Work order: Where does the string "Plus" appear in the listing below? Copy every line where it does.

Extracted entries:

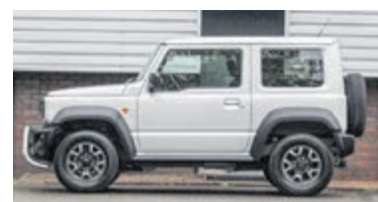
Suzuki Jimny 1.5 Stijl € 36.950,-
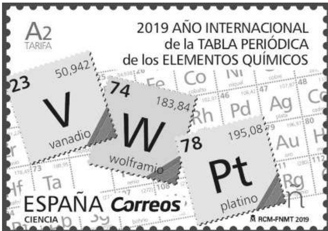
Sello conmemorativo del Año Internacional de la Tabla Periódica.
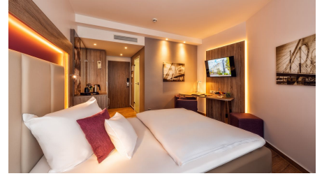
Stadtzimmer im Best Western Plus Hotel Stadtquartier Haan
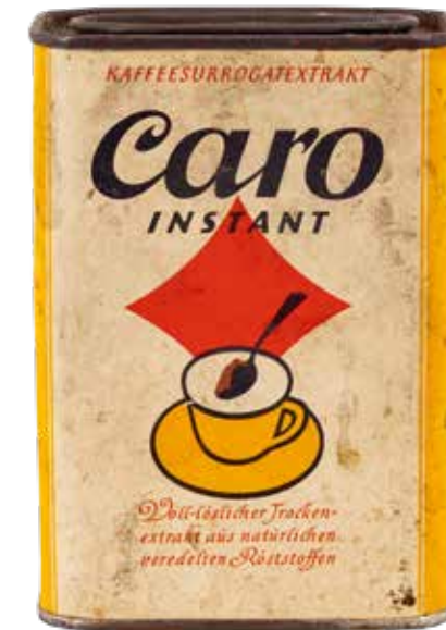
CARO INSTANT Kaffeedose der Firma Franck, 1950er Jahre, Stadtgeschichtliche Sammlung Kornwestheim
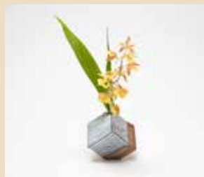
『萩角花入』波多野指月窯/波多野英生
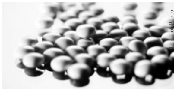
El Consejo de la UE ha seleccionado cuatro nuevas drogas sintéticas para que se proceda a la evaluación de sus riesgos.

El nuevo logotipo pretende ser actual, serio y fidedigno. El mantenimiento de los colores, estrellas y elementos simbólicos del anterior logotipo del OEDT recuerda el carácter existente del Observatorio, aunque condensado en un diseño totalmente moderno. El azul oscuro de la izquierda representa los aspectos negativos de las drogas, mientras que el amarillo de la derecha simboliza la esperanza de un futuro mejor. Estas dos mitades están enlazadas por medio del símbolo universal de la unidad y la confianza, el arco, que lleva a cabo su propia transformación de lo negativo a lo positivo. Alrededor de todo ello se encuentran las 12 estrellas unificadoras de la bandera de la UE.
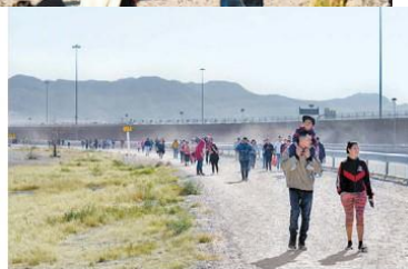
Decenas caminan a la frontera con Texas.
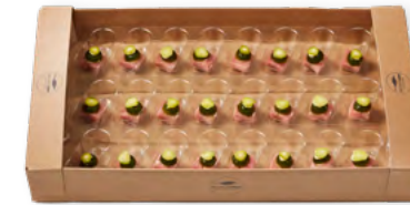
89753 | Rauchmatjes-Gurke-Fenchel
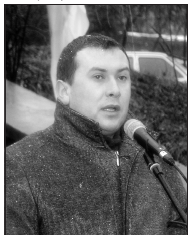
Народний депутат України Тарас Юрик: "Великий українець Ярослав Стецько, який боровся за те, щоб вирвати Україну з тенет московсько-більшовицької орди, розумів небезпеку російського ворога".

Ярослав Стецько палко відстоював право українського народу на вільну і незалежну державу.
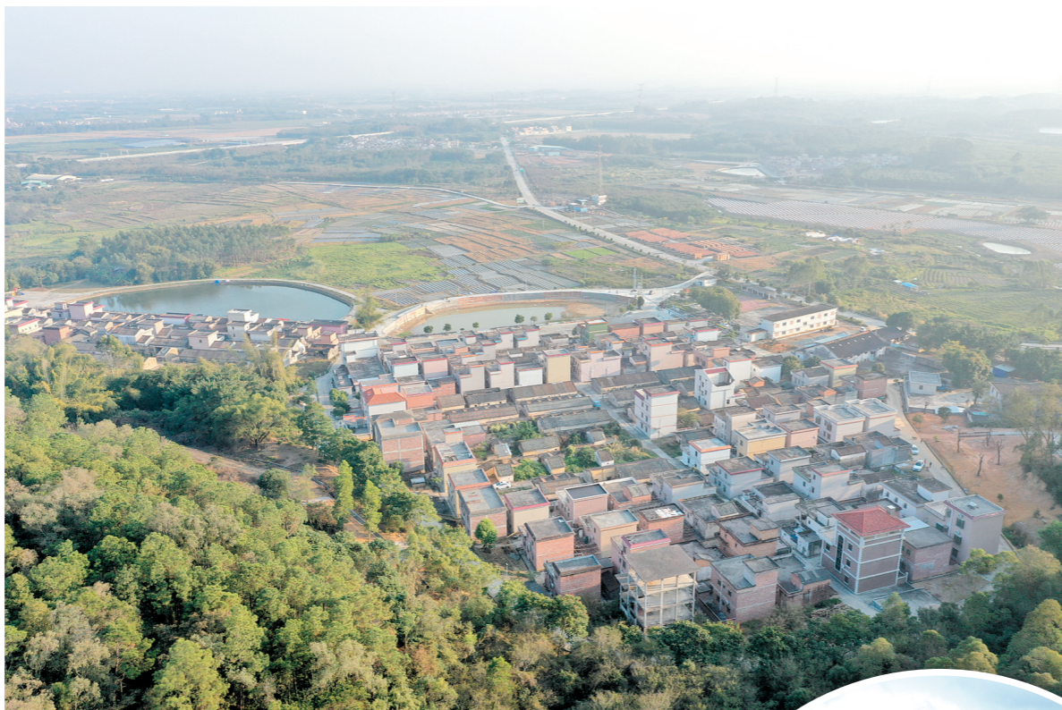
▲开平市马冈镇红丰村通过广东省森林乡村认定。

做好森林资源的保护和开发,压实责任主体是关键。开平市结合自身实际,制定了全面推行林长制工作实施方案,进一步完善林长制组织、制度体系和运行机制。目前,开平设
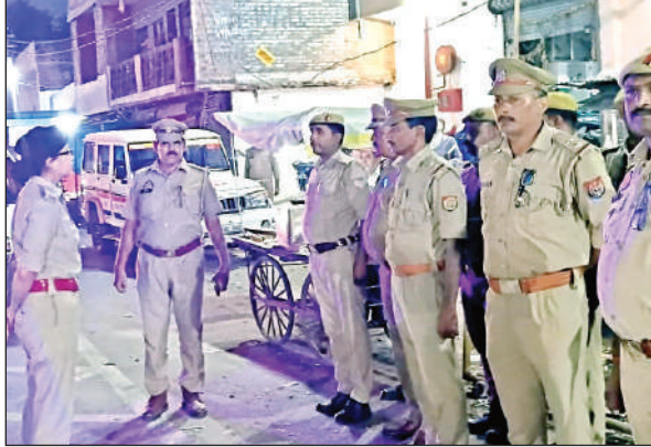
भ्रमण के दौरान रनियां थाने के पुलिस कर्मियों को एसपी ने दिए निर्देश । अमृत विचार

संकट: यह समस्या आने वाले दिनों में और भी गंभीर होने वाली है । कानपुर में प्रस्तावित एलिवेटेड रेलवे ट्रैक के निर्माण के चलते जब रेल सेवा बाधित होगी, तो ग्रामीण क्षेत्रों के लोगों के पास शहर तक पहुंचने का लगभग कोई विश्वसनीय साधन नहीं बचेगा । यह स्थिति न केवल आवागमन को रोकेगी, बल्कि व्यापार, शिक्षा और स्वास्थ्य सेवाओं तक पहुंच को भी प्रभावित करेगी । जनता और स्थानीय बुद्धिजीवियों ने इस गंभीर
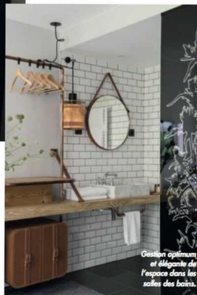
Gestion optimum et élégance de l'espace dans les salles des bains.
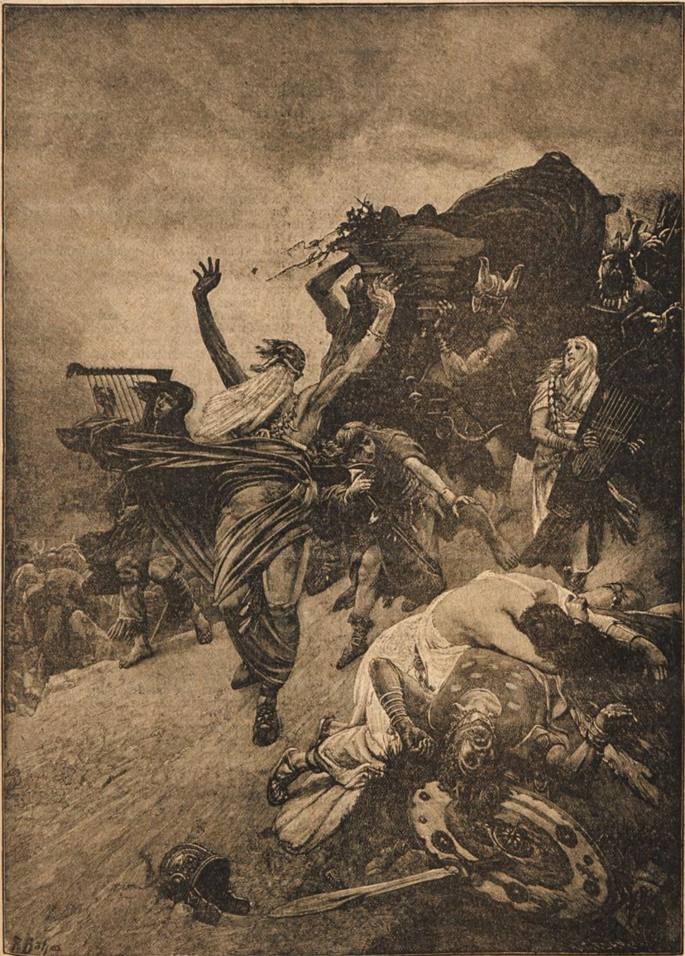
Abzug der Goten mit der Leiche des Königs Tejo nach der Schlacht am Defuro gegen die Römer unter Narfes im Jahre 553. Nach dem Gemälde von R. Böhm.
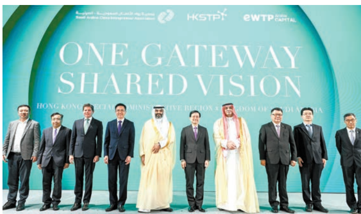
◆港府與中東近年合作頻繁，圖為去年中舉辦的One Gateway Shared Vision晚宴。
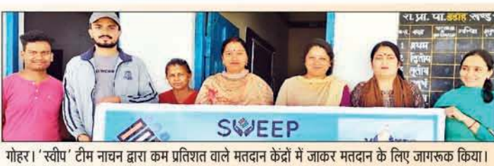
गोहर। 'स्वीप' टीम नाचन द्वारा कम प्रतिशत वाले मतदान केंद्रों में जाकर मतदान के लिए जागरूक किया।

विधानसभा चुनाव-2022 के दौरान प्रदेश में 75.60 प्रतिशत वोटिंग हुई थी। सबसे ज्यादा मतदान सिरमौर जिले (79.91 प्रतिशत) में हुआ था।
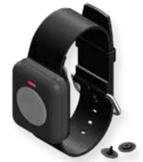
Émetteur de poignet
==
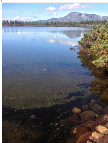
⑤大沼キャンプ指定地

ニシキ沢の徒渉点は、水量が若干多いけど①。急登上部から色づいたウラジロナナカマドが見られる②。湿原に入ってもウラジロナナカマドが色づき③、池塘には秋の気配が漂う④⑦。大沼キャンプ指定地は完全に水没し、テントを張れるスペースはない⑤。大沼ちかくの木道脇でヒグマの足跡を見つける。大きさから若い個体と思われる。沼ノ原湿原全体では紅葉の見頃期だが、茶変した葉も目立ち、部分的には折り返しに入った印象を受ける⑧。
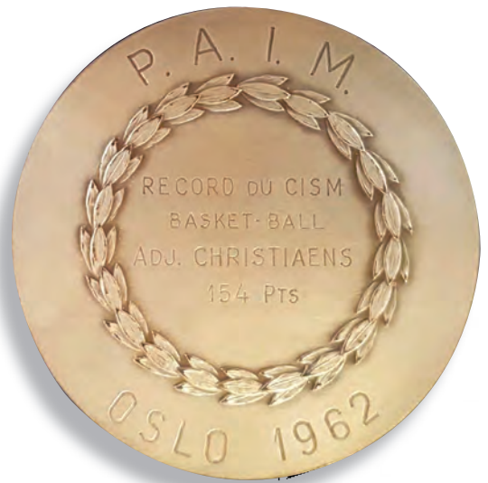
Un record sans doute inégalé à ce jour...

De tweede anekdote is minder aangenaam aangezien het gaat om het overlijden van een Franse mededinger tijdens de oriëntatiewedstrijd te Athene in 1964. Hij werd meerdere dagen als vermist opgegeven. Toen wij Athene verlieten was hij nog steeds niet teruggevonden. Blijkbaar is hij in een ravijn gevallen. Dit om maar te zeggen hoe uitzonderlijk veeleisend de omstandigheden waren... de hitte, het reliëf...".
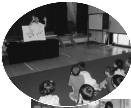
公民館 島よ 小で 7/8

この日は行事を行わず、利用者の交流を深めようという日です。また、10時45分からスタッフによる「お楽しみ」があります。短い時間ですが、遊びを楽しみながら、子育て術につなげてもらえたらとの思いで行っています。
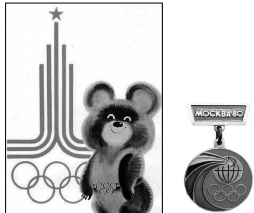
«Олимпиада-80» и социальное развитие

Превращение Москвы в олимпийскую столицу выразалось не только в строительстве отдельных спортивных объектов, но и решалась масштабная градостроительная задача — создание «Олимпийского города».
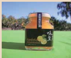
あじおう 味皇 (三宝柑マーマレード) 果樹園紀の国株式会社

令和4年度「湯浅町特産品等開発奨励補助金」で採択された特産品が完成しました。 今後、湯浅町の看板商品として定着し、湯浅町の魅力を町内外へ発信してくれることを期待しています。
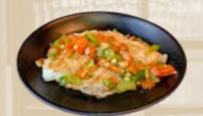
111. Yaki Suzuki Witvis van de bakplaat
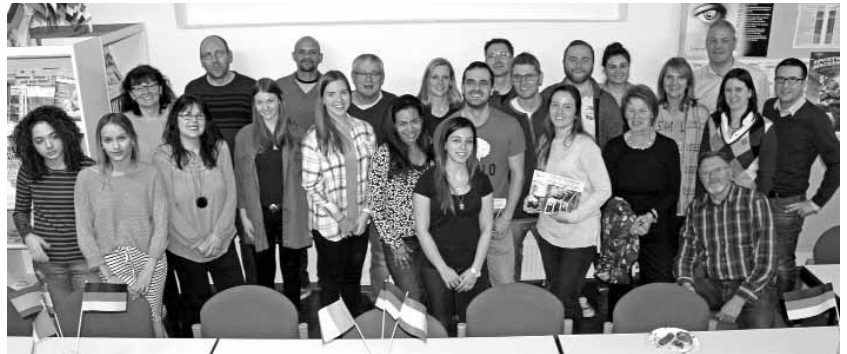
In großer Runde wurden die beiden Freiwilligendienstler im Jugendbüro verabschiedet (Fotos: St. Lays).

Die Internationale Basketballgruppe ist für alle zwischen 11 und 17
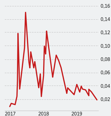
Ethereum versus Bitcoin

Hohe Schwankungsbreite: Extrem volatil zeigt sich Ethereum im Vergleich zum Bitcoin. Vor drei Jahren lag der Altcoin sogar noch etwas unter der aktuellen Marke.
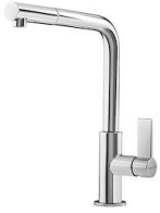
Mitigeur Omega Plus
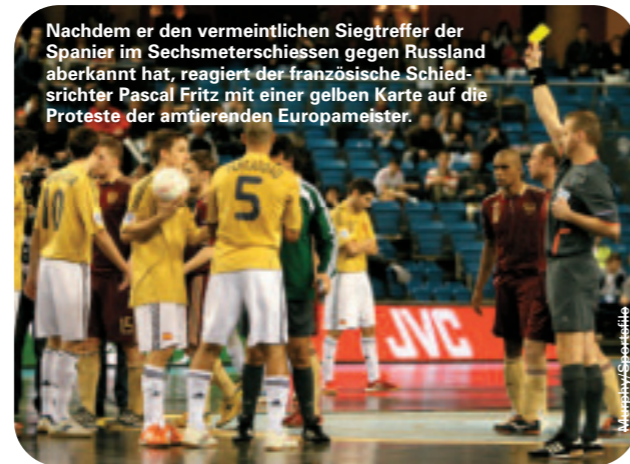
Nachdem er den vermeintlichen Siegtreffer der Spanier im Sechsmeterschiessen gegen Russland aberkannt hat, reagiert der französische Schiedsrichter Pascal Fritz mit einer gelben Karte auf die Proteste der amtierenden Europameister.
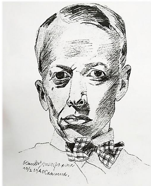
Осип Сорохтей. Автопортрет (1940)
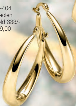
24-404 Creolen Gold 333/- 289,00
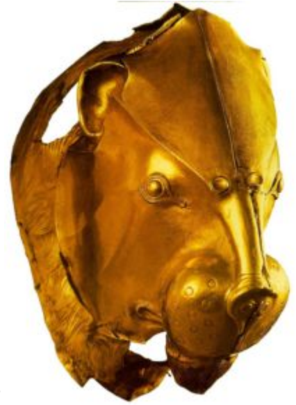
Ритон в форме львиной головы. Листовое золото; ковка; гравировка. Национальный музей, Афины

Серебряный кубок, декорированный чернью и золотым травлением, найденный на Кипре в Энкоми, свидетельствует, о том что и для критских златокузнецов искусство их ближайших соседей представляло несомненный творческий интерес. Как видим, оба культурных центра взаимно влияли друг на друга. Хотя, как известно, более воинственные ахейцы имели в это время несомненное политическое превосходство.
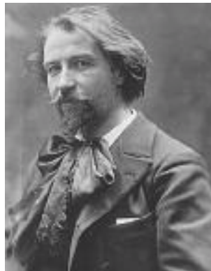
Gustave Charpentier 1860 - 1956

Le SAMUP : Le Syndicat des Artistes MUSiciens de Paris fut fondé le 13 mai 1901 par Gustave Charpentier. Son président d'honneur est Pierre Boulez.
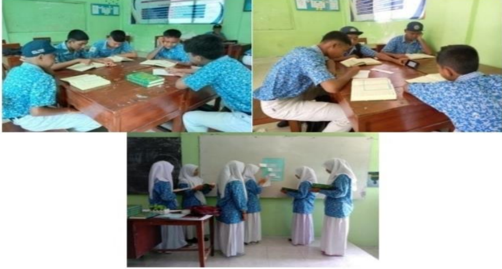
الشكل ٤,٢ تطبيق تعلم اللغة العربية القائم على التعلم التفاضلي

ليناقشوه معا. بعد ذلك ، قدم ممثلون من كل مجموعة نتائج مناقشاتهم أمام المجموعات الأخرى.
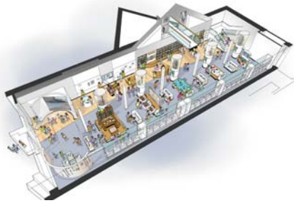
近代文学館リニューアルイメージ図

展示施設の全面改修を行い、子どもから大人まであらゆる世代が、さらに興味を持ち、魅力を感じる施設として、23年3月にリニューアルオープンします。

Answer box:
Stadtzimmer im Best Western Plus Hotel Stadtquartier Haan
Mitigeur Omega Plus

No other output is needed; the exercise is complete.